### PROBLEM TO WORK ON
Copy the records below exactly, leaving out any pictures.

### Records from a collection
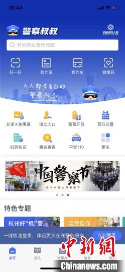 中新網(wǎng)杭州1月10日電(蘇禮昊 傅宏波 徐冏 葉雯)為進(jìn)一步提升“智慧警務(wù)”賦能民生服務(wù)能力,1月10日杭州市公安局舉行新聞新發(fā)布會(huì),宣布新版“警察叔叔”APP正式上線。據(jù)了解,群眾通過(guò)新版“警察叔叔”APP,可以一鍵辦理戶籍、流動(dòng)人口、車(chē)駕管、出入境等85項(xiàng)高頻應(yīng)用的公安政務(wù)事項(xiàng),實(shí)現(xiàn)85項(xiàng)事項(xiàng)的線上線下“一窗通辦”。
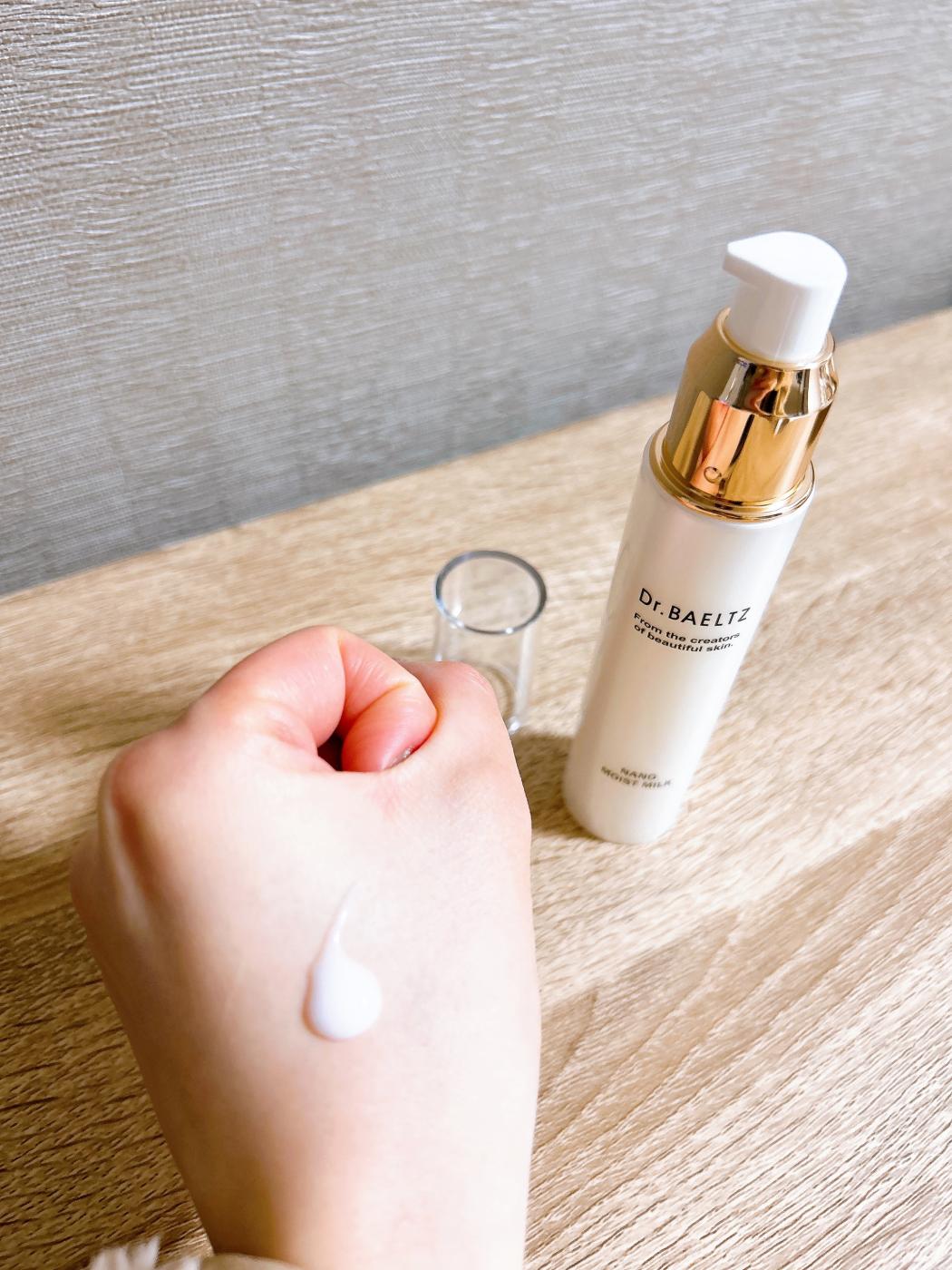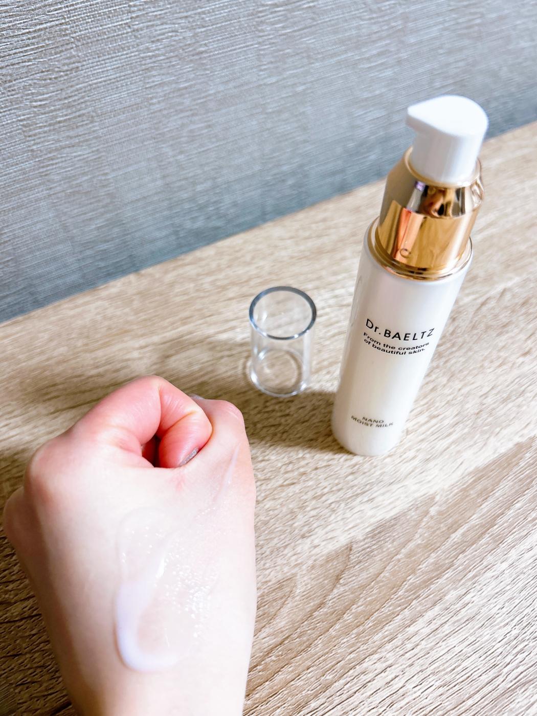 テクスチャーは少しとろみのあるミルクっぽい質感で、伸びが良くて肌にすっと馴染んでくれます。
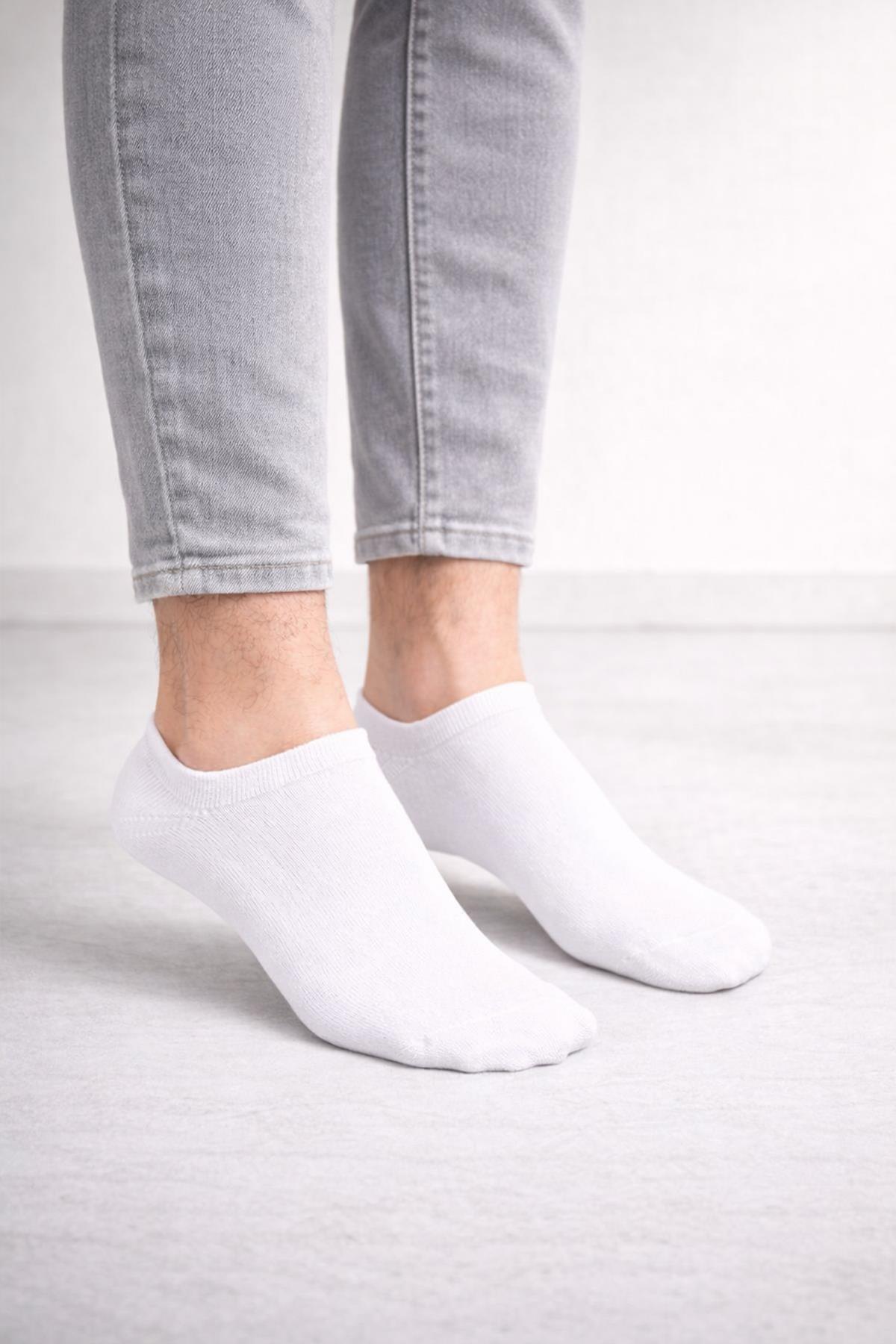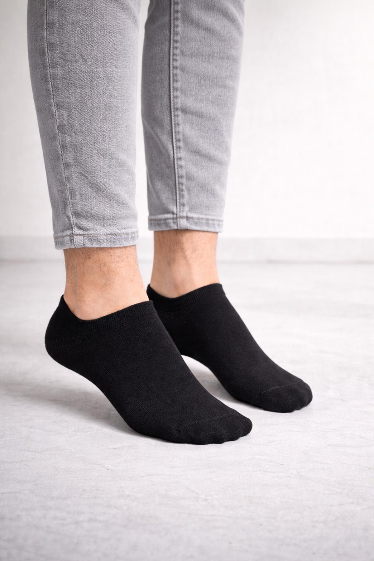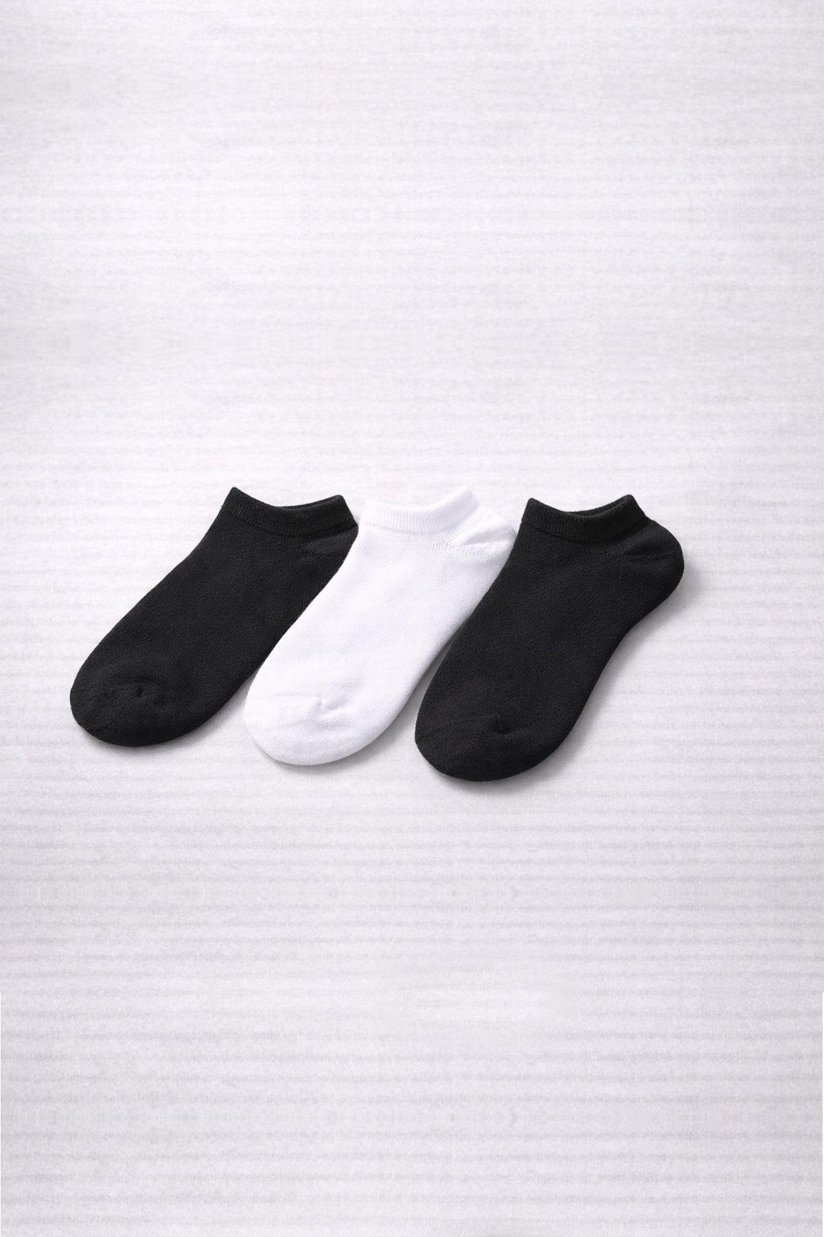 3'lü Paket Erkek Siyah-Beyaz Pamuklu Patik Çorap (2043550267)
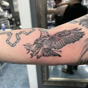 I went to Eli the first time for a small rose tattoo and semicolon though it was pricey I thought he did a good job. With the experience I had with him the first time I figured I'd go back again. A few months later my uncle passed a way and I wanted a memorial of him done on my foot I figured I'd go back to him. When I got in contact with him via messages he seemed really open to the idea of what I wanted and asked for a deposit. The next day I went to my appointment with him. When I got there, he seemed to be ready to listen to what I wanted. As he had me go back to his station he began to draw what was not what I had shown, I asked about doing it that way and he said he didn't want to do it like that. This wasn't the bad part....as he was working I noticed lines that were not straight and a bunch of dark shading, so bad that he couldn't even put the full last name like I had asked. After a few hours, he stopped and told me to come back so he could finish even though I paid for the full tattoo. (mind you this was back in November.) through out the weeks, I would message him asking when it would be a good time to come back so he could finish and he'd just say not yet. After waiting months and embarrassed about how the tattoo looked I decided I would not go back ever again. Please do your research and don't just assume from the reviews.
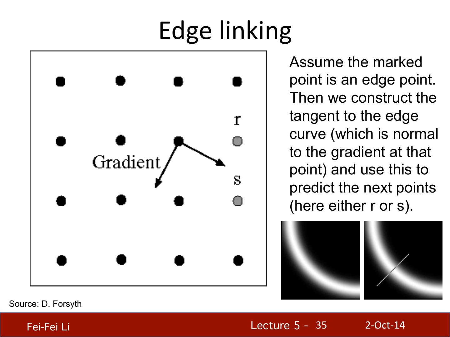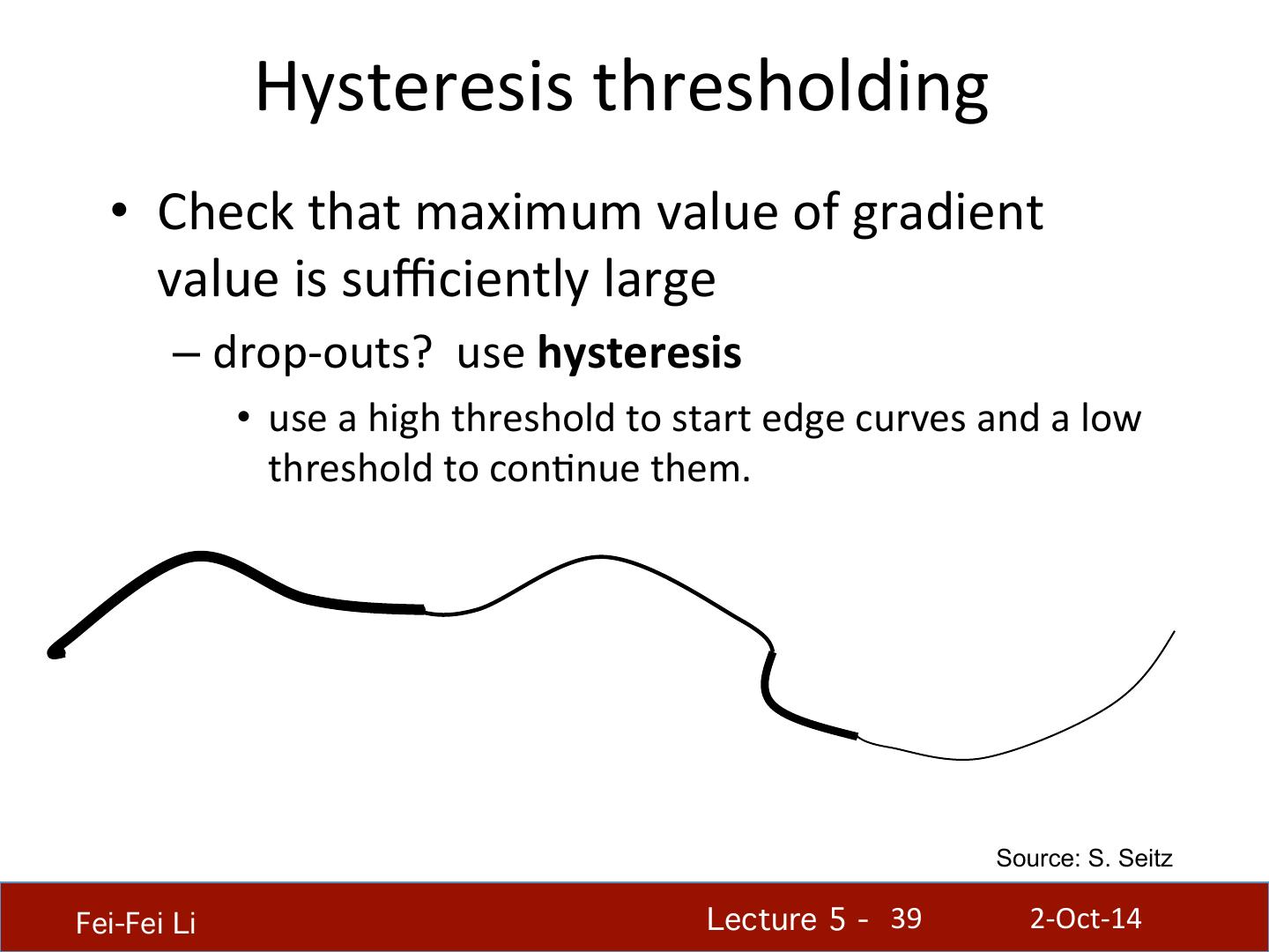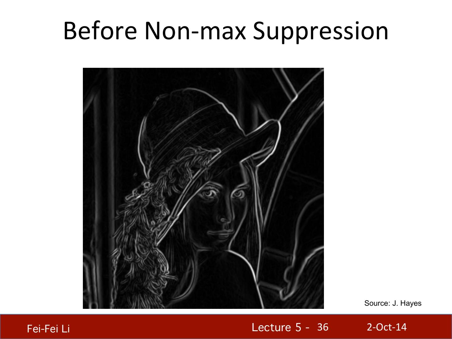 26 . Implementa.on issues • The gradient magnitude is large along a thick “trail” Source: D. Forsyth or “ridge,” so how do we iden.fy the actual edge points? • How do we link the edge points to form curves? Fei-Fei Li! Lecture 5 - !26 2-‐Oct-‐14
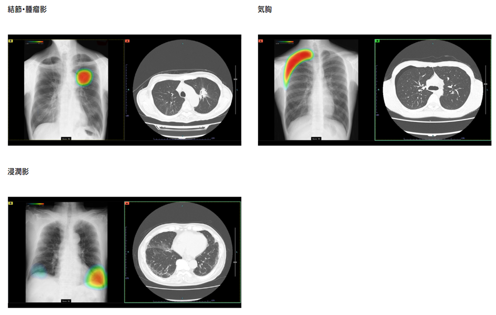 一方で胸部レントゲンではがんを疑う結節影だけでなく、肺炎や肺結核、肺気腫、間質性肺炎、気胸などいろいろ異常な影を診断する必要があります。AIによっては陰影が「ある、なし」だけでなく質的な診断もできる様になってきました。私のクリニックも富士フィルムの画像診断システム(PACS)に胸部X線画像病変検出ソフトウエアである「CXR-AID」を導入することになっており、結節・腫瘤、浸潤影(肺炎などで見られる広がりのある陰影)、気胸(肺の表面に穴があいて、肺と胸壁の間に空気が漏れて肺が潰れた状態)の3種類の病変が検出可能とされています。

### TASK SOLUTION
 中新網(wǎng)杭州1月10日電(蘇禮昊 傅宏波 徐冏 葉雯)為進(jìn)一步提升“智慧警務(wù)”賦能民生服務(wù)能力,1月10日杭州市公安局舉行新聞新發(fā)布會(huì),宣布新版“警察叔叔”APP正式上線。據(jù)了解,群眾通過(guò)新版“警察叔叔”APP,可以一鍵辦理戶籍、流動(dòng)人口、車(chē)駕管、出入境等85項(xiàng)高頻應(yīng)用的公安政務(wù)事項(xiàng),實(shí)現(xiàn)85項(xiàng)事項(xiàng)的線上線下“一窗通辦”。
 テクスチャーは少しとろみのあるミルクっぽい質感で、伸びが良くて肌にすっと馴染んでくれます。
 3'lü Paket Erkek Siyah-Beyaz Pamuklu Patik Çorap (2043550267)
 I went to Eli the first time for a small rose tattoo and semicolon though it was pricey I thought he did a good job. With the experience I had with him the first time I figured I'd go back again. A few months later my uncle passed a way and I wanted a memorial of him done on my foot I figured I'd go back to him. When I got in contact with him via messages he seemed really open to the idea of what I wanted and asked for a deposit. The next day I went to my appointment with him. When I got there, he seemed to be ready to listen to what I wanted. As he had me go back to his station he began to draw what was not what I had shown, I asked about doing it that way and he said he didn't want to do it like that. This wasn't the bad part....as he was working I noticed lines that were not straight and a bunch of dark shading, so bad that he couldn't even put the full last name like I had asked. After a few hours, he stopped and told me to come back so he could finish even though I paid for the full tattoo. (mind you this was back in November.) through out the weeks, I would message him asking when it would be a good time to come back so he could finish and he'd just say not yet. After waiting months and embarrassed about how the tattoo looked I decided I would not go back ever again. Please do your research and don't just assume from the reviews.
 26 . Implementa.on issues • The gradient magnitude is large along a thick “trail” Source: D. Forsyth or “ridge,” so how do we iden.fy the actual edge points? • How do we link the edge points to form curves? Fei-Fei Li! Lecture 5 - !26 2-‐Oct-‐14
 一方で胸部レントゲンではがんを疑う結節影だけでなく、肺炎や肺結核、肺気腫、間質性肺炎、気胸などいろいろ異常な影を診断する必要があります。AIによっては陰影が「ある、なし」だけでなく質的な診断もできる様になってきました。私のクリニックも富士フィルムの画像診断システム(PACS)に胸部X線画像病変検出ソフトウエアである「CXR-AID」を導入することになっており、結節・腫瘤、浸潤影(肺炎などで見られる広がりのある陰影)、気胸(肺の表面に穴があいて、肺と胸壁の間に空気が漏れて肺が潰れた状態)の3種類の病変が検出可能とされています。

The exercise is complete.